Fugitive dust from construction work in a city.
Fugitive dust from agriculture.

Fugitive dust results from dry conditions where there is insufficient moisture content in the ground to maintain adhesion and hold the soil together. Particulate matter (PM) then enters the atmosphere through the action of wind, vehicular movement, or other activities.[4] Areas with dryland or desert climates, especially when combined with high winds, have more severe problems of fugitive dust. Dry and disturbed surfaces can release wind-borne fugitive dust for many months before there is sufficient rainfall to coagulate the soil, this includes the dust Bulldust. Large-scale fugitive dust driven by gust fronts creates a dust storm.

Surfaces susceptible to fugitive dust emissions are both natural and man-made.[4] Specific sources include open fields and parking lots, paved and unpaved roads, agricultural fields, construction sites, unenclosed storage piles, and material transfer systems.[5] Surface mining operations are also sources of fugitive dust as a result of many mining operations including haul roads, tailing piles, drilling, blasting, the removal of overburden and the actual mineral extraction.[6]

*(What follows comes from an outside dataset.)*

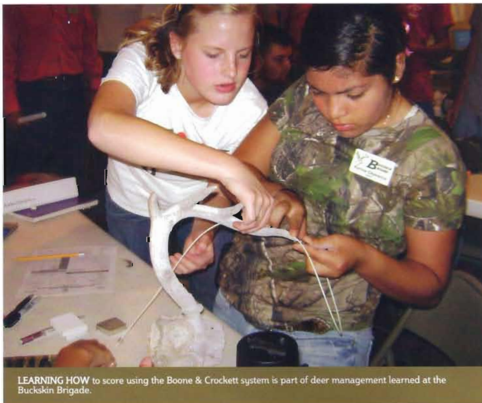
LEARNING HOW to score using the Boone & Crockett system is part of deer management learned at the Buckskin Brigade.

Tell me, and I forget. Show me, and I remember. Involve me, and I understand. – Texas Brigade Motto

In 1995, 28 percent of fugitive dust in the US originated from unpaved roads, 23 percent from construction sites, 19 percent agricultural, 15 percent from paved roads, 5 percent from wind erosion, 1 percent from mining according to the EPA.[3]

In addition to outdoor dust sources, numerous indoor dust sources also exist, often in manufacturing and similar industries. Examples of this include the metalworking process which incorporates different forms of grinding, cutting, and polishing, various food industries like sugar, spices, and grains, and even the pharmaceutical industry during packaging or production. In order to reduce the possibility of different hazards brought upon by indoor fugitive dusts, prevention must be a top priority. [7]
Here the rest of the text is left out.